### Given data
————————

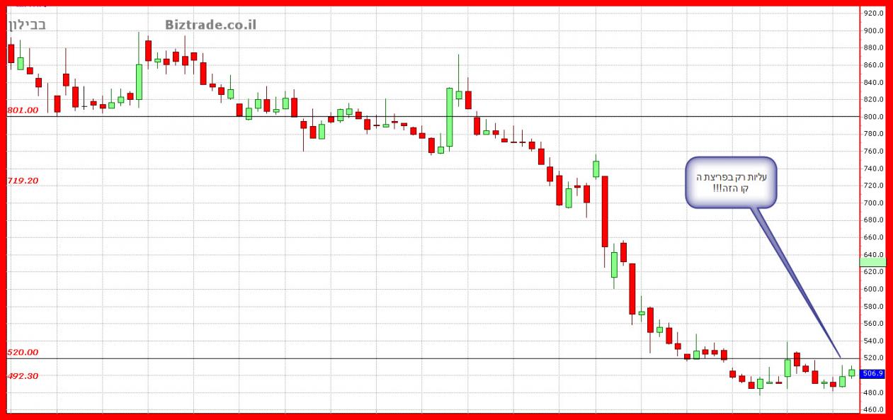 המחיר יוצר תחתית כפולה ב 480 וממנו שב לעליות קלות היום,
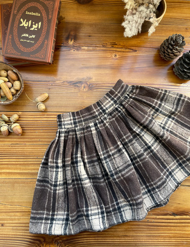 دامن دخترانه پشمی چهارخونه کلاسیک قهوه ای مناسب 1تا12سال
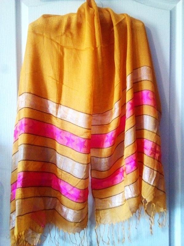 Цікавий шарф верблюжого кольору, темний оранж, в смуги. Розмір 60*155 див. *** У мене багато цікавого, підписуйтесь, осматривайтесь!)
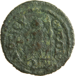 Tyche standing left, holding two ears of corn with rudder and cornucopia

————————

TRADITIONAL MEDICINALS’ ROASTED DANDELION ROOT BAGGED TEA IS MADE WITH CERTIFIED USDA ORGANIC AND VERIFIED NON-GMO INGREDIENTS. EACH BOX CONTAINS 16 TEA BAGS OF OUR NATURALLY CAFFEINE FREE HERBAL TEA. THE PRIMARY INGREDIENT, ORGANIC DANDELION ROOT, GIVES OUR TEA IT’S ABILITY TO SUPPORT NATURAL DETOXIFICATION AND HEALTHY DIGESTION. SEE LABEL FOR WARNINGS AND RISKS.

————————

### Exercise goal
Reproduce, word for word, everything in the listing above from the line containing "המחיר יוצר תחתית" down to the line containing "Tyche standing left, holding", both of them included. No pictures.

### Solution to the exercise
 המחיר יוצר תחתית כפולה ב 480 וממנו שב לעליות קלות היום,
 دامن دخترانه پشمی چهارخونه کلاسیک قهوه ای مناسب 1تا12سال
 Цікавий шарф верблюжого кольору, темний оранж, в смуги. Розмір 60*155 див. *** У мене багато цікавого, підписуйтесь, осматривайтесь!)
 Tyche standing left, holding two ears of corn with rudder and cornucopia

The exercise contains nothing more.